Подлунное Княжество (СИ) - Бабернов Сергей (книги без сокращений .TXT) 📗
— Ну что ты, глупая? — приговаривал он, упираясь каблуками в землю и стараясь успокоить животное. — Это просто хаты рухнули. Больше ничего не случиться. Обещаю.
Ласковый тон, а ещё больше крепкая рука всадника кое-как восстановили душевное равновесие лошади. Каурая на время оставила попытки бежать куда глаза глядят и осталась дожидаться хозяина. Время от времени она подозрительно косила глаза то на остатки догорающих строений, то на трупы, из груди её вырывался недовольный храп, а копыто само по себе начинало рыть землю.
От греха подальше Ратибор привязал животное к стволу яблони, до которой огню уже точно не добраться, а сам отправился на поиски лопаты. Поле для сих поисков оказалось не велико — уцелевшая хата. Преодолевая тошноту (воин всё-таки, а не похоронщик), всадник снял с двери тело несчастного. Уложил рядом с девушками. Войдя в хату, взял первый попавшийся на глаза кусок рогожи, вернулся к колодцу, накрыл убитых. На душе стало полегче: мертвецов видеть — не привыкать, но к такому глумлению даже самая огрубевшая в сражениях душа не привыкнет. Уже чувствуя себя увереннее, переступил порог хаты.

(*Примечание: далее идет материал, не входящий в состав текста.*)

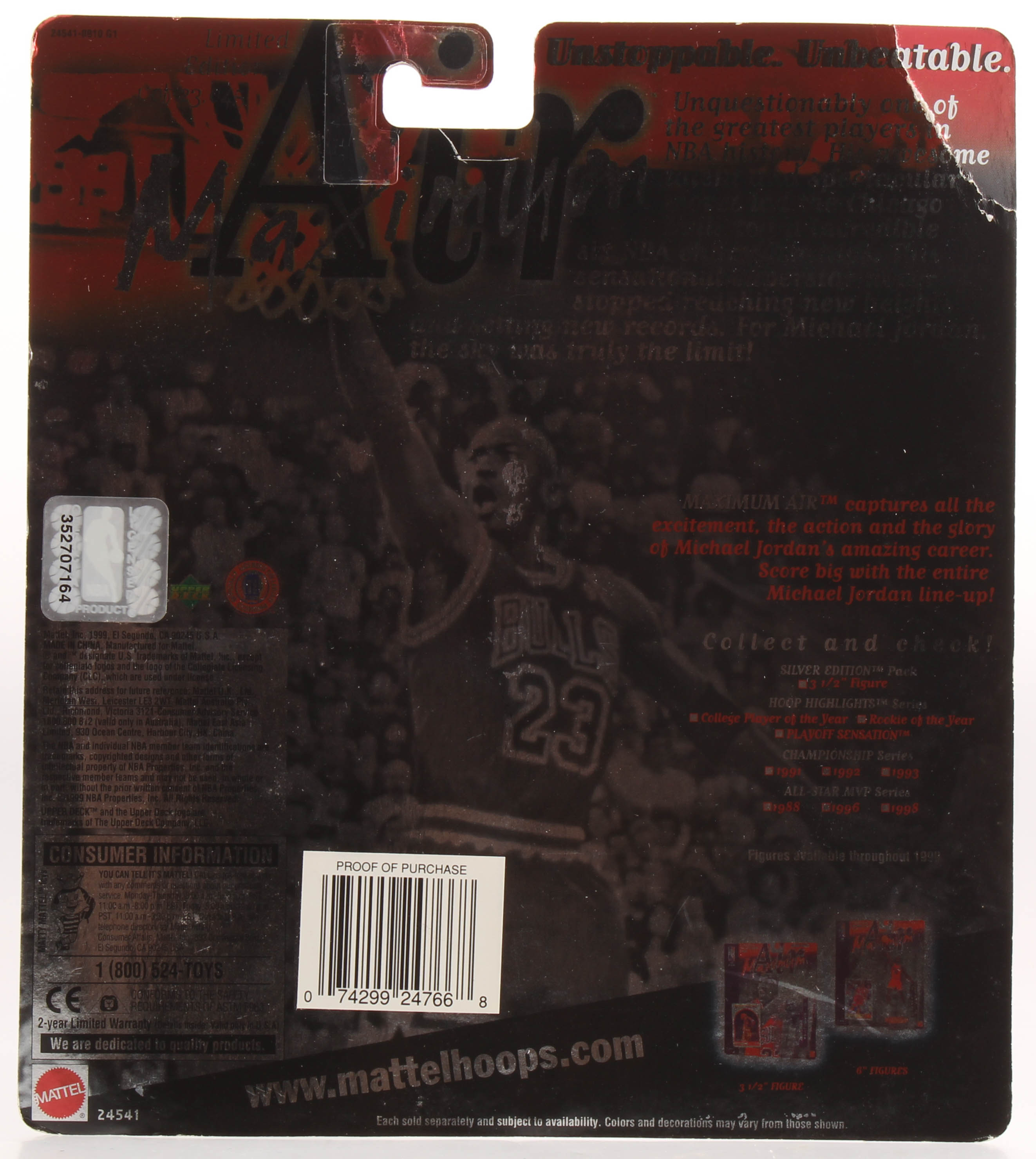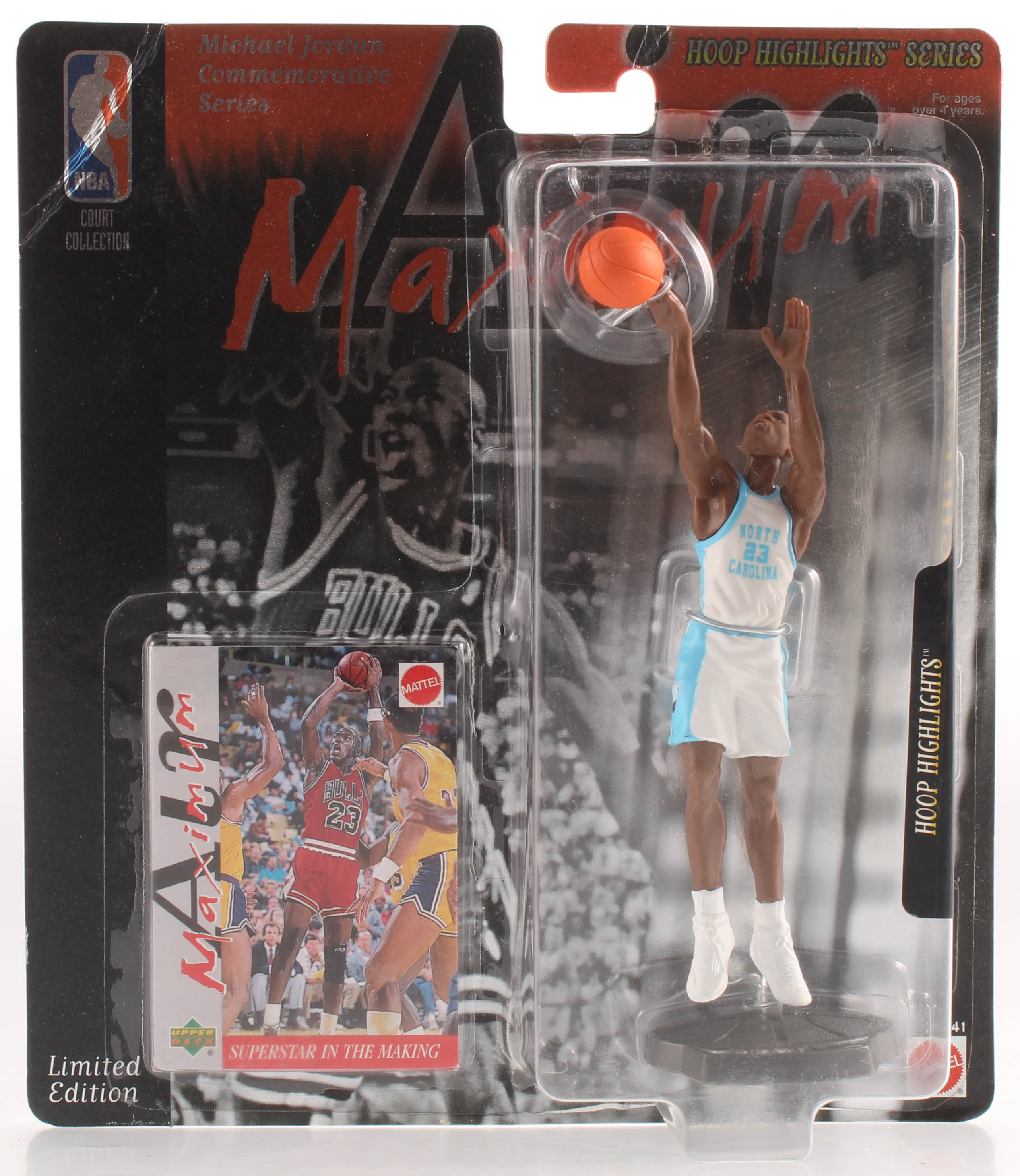 Michael Jordan Air Maximum Hoop Highlight action figure measures approximately 6" in height. Includes original packaging and sealed basketball card as shown.
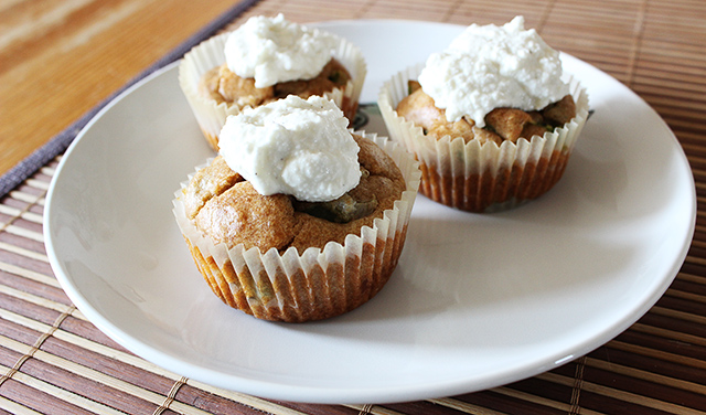 - Das Frischkäse Topping auf den Muffins verteilen.
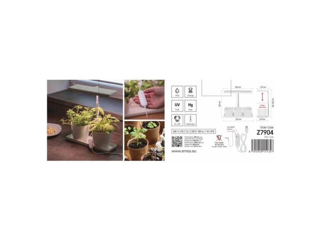 LED GROW pěstební lampa 7 W, časovač, stmívatelná, bílá
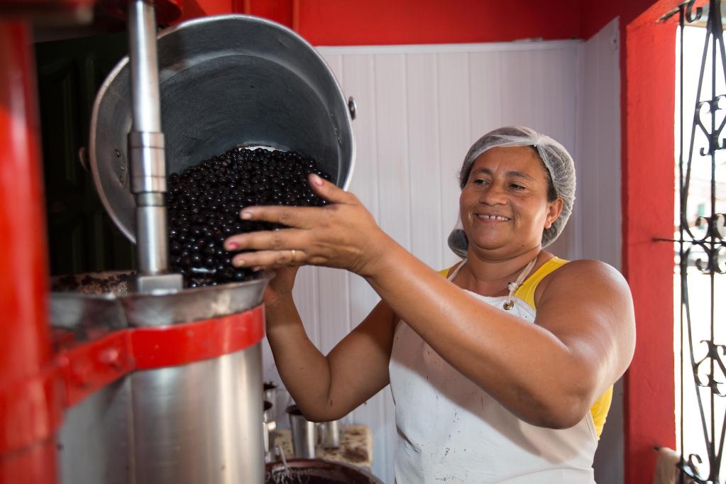 2017年7月15日,在巴西北部帕拉州維基亞市的“阿薩伊之家”小店,工作人員格洛麗亞將阿薩伊果倒入機器內打磨成果漿。新華社發(fā)(李明攝)
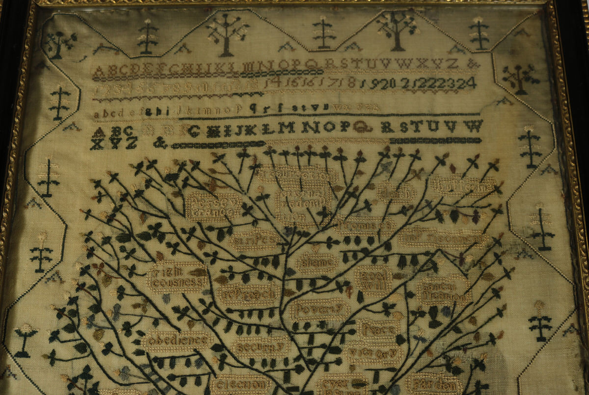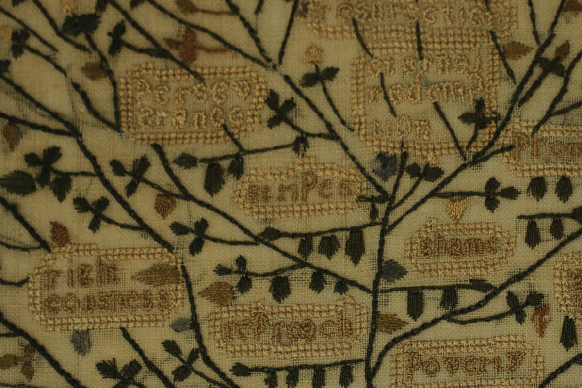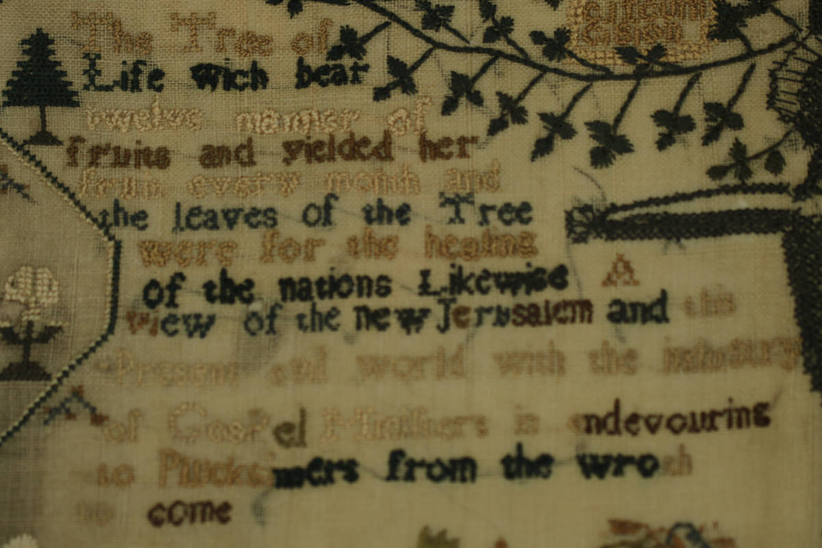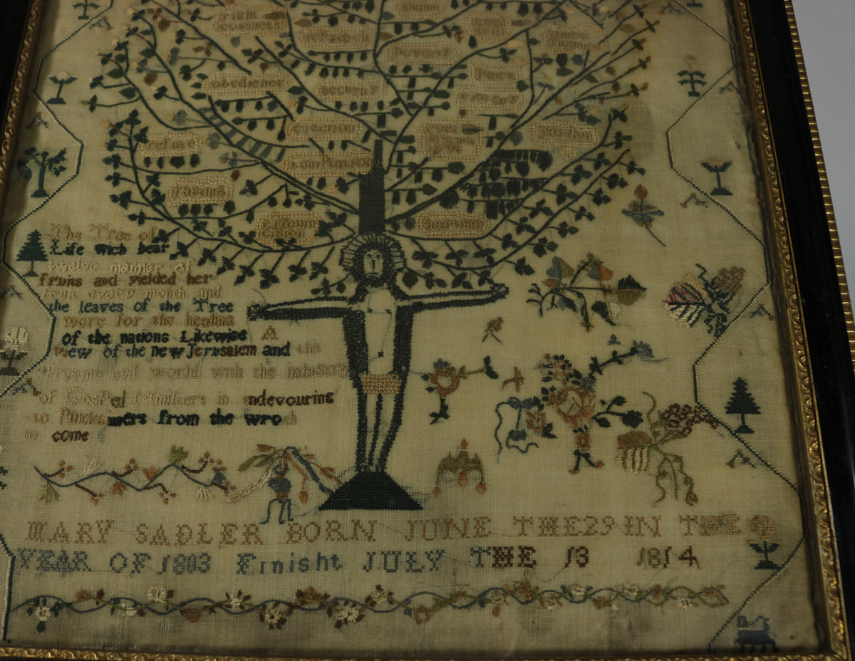 George III, dated 1814. 18.1ins high, 13ins wide, 1ins deep Antique Sampler, 1814, 'Tree of Life', by Mary Sandler.

Семья здесь жила зажиточная. Добротность и порядок видны даже сейчас, когда всё перевёрнуто вверх дном. В таком хозяйстве лопата обязательно найдётся. Ратибор обвёл помещение взглядом. С улицы послышалось тревожное ржание Каурой. Что за глупое животное? По любому пустяку тревогу поднимает! Саблезуба вот не заметила! А если не по пустяку? Обнажив саблю, всадник выскочил за дверь. Глаза пробежали окрест, цепляясь за каждую мелочь. Пустой двор, сруб колодца, укрытые рогожей тела, догорающие хаты, уже остывшее дальнее пепелище… Стоп! На одном месте угли и зола приподнялись с места, образовав щель, в которой настороженно сверкали белки чьих-то глаз. Кто-то из селян вовремя укрылся в подвале сгоревшего дома и сейчас, высунув наружу нос, вызвал беспокойство Каурой.
— Ну-ка вылазь! — Ратибор достал револьвер. — Дурить не вздумай! Мигом третий глаз во лбу появится!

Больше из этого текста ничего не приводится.